Machine Learning Data Preprocessing

Raw data collected from the real world is rarely clean or ready for a Machine Learning model. It contains missing values, inconsistent formats, outliers, and irrelevant columns. Data preprocessing is the process of transforming raw data into a clean, structured form that algorithms can understand and learn from effectively.

Why Preprocessing Matters

Algorithms work with numbers and patterns. When data contains errors, gaps, or wildly inconsistent scales, the model learns the wrong patterns. A model trained on messy data produces unreliable predictions regardless of how powerful the algorithm is.
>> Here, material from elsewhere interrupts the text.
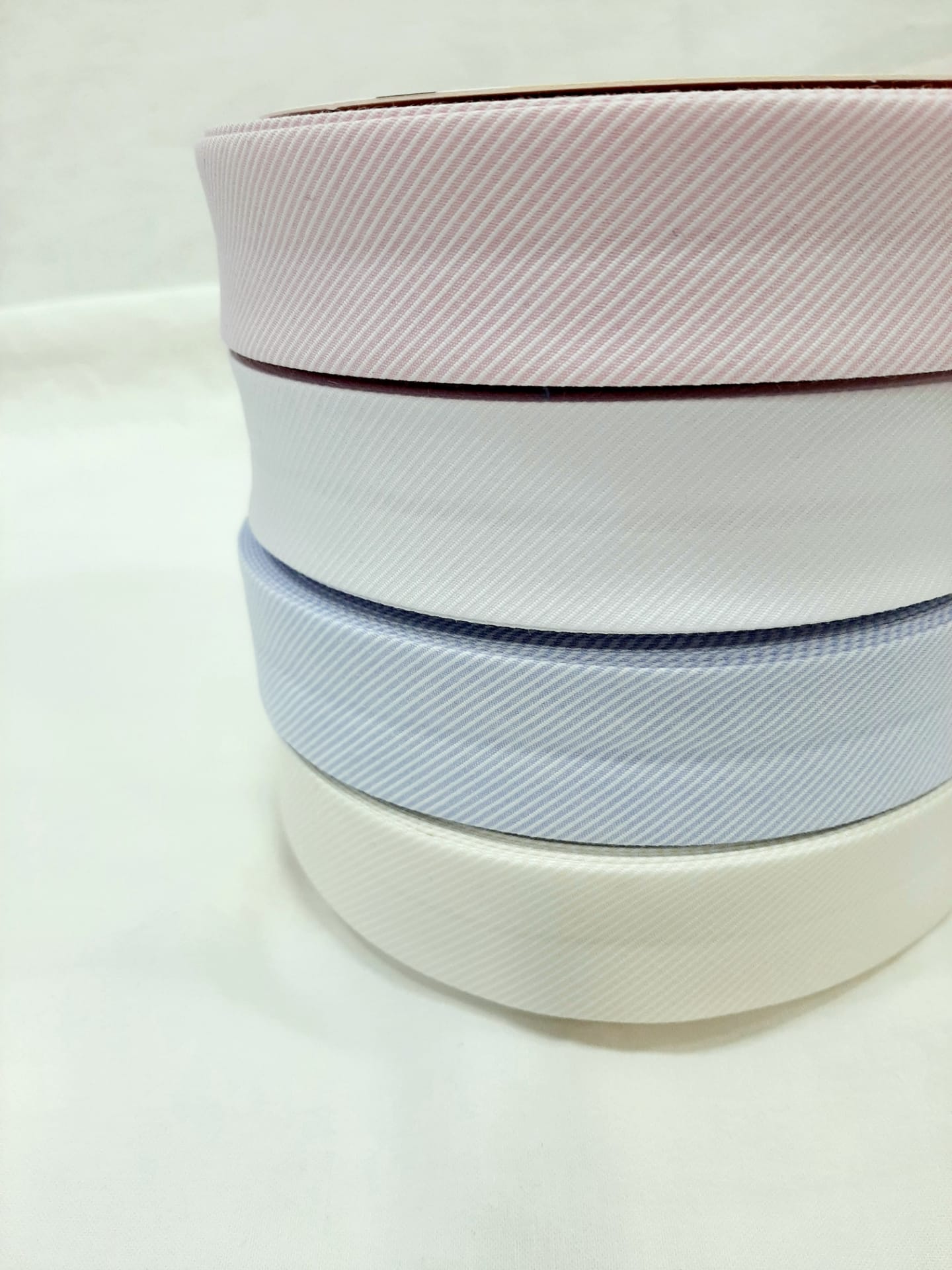 Viés de Fustão com Risquinhas Brancas 30mm 0,01 € Partilhar Cor Rosa Azul Bebé Branco Cru Adicionar Contactar 1500 unidades em stock Fita de viés de fustão 100% algodão, com risquinhas brancas em fundo rosa, branco, azul bebé e cru 30mm Ideal para remates e evitar bainhas Corte mínimo 20cm

Raw Data Problems → Model Problems

Missing values      → Algorithm crashes or learns wrong patterns
Wrong data types    → Calculations fail
Huge scale gaps     → One feature dominates all others
Duplicate records   → Model learns same example twice

Step 1: Handling Missing Values

Missing values appear as empty cells, "NA", "NULL", or similar placeholders. The approach for handling them depends on how many values are missing and the importance of that column.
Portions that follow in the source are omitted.